■ Aim of the task ■
After finding the line containing "青山旗下的鼎信实业在2010" below, please output that line and each following one through the line containing "Las correlaciones más", exactly as written.

■ Data in this exercise ■

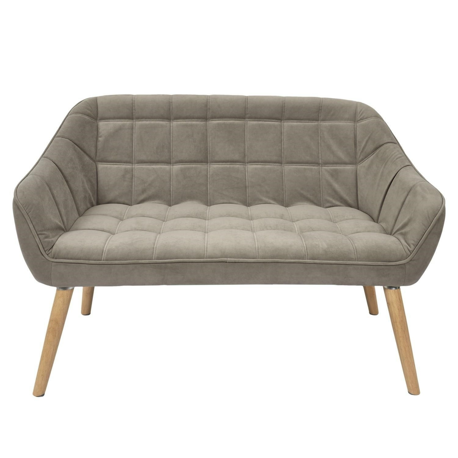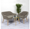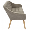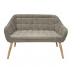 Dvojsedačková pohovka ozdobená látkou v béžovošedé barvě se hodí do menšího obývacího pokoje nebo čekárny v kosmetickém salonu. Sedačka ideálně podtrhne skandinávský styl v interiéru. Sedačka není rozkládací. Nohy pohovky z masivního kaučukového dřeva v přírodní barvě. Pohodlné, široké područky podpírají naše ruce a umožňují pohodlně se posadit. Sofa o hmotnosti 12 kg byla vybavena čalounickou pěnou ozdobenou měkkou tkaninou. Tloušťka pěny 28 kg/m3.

* * *

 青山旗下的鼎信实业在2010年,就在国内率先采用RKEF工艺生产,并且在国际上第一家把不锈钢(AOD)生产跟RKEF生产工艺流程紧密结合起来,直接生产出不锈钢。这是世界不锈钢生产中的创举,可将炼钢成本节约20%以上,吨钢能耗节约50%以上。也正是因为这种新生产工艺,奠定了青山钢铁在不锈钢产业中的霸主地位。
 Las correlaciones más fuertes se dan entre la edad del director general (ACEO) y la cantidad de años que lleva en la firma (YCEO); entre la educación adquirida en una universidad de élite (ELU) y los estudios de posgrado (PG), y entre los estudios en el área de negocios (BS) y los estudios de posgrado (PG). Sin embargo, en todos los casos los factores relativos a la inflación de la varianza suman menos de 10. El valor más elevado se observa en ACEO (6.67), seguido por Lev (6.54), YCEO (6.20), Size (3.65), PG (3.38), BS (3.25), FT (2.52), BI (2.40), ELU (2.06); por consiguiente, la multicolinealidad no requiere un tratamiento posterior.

■ Problem solution ■
 青山旗下的鼎信实业在2010年,就在国内率先采用RKEF工艺生产,并且在国际上第一家把不锈钢(AOD)生产跟RKEF生产工艺流程紧密结合起来,直接生产出不锈钢。这是世界不锈钢生产中的创举,可将炼钢成本节约20%以上,吨钢能耗节约50%以上。也正是因为这种新生产工艺,奠定了青山钢铁在不锈钢产业中的霸主地位。
 Las correlaciones más fuertes se dan entre la edad del director general (ACEO) y la cantidad de años que lleva en la firma (YCEO); entre la educación adquirida en una universidad de élite (ELU) y los estudios de posgrado (PG), y entre los estudios en el área de negocios (BS) y los estudios de posgrado (PG). Sin embargo, en todos los casos los factores relativos a la inflación de la varianza suman menos de 10. El valor más elevado se observa en ACEO (6.67), seguido por Lev (6.54), YCEO (6.20), Size (3.65), PG (3.38), BS (3.25), FT (2.52), BI (2.40), ELU (2.06); por consiguiente, la multicolinealidad no requiere un tratamiento posterior.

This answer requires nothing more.